Lesson Plan for 2013-12-16: Shin Sweep & Hook Sweep

Tonight we are going to take a look at two of my favorite sweeps.  They both have mechanics that are used far beyond each individual technique.

First up is the shin sweep.  I guarantee that I’ve done this to every one of my students I’ve rolled with.  I originally learned it from watching Marcelo Garcia, but I do my shin sweep in a way that is less engaged on the opponent.  His version is clearly derived from being used to getting x-guard on people at will.  My version doesn’t require getting into something resembling a deep half guard.  I’ve used it with 90% success on high level guys, while keeping it simple and appropriate for fundamentals students.  This sweep comes up all the time when you are seated and your opponent steps a knee up and tries to dive in.

Second, I’ll be going over a hook sweep from butterfly guard.  The setup for this sweep is very similar to the setup for the shin sweep I show, but the sweeping direction is opposite and depends on more control of your opponent.

Both of these can be used gi or no-gi.  The shin sweep is identical for both, while the hook sweep can benefit from having a gi to work with.  Once you are familiar with these sweeps, you are going to see opportunities for similar motions on different setups.  The shin sweep uses your shin on the opponents leg, and you’ll see how to apply this style of leverage on your opponents arm.

Let’s see what this will do for your blue belt skills!

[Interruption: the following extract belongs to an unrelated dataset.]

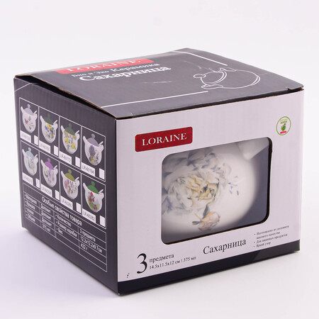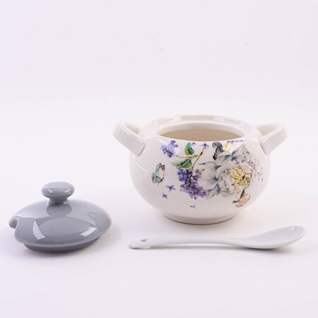 Сахарница с крышкой и ложкой LORAINE - это отличное решение для хранения вашего сахара в чистоте и порядке. Изготовлена из БИО и ЭКО доломитовой керамики высокого качества и украшена красивым цветочным рисунком с бабочками. Сахарница закрывается удобной крышкой, благодаря которой содержимое надежно защищено от влаги и высыхания. В комплекте идет небольшая керамическая ложечка, которая помогает удобно дозировать нужное количество сахара. Оригинальный дизайн и качество исполнения сделают такую емкость для сахара, варенья, меда настоящим украшением стола к чаепитию. Изделие упаковано в индивидуальную коробку. Подходит для мытья в посудомоечной машине. Керамическая посуда для сахара - это отличное решение для тех, кто хочет сохранить свои продукты в чистоте и порядке, а также придать своей кухне особый шарм.
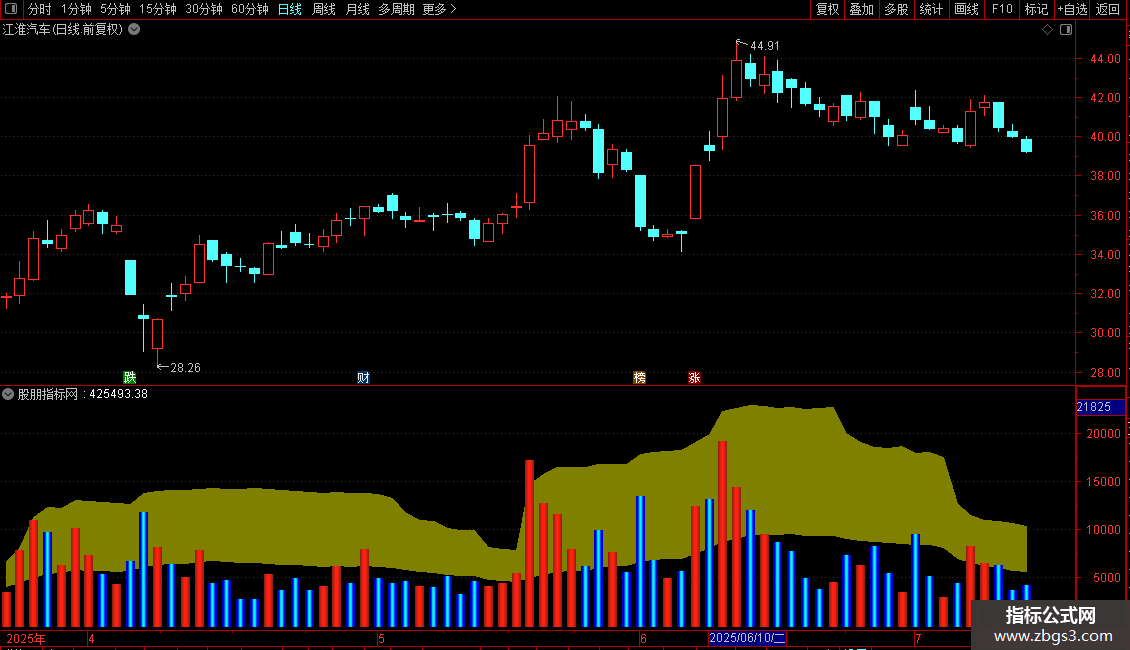 STICKLINE(CLOSE>=OPEN,0,V,1.0,0) ,COLOR1020DD;

One thought on “Lesson Plan for 2013-12-16: Shin Sweep & Hook Sweep

  1. After lesson followup:
    Everyone did a good job learning this tonight. A key factor for both of these is to aggressively use your butt scoot to engage your opponent before they realize what a mistake they made by stepping up a leg.
    They only way to get comfortable with these sweeps is to force yourself to use butterfly guard, and practice these sweeps as much as possible. I have used the shin sweep in competition, and the hook sweep more times than I can count. Once you have the mechanics down, you’ll see that the fundamental elements of these sweeps crop up in other positions.
    For the shin sweep, remember to drive your opponent away at a 45 degree angle, and try to orient yourself so that your body is in line with that angle so that you maximize your leg strength and help avoid injury to yourself. Getting that angle will also help you keep the foot off the ground, which solves a lot of problems.
    For the hook sweep, remember that the arm you are sweeping them over should never touch the ground. Get your opponents shoulder to the mat, and use your legs to elevate them as high as you can and launch them away from you. The will help you avoid getting entangled in half guard, and a good twisting toss can be momentarily disorienting, giving you an opportunity to consolidate side control or scarf hold.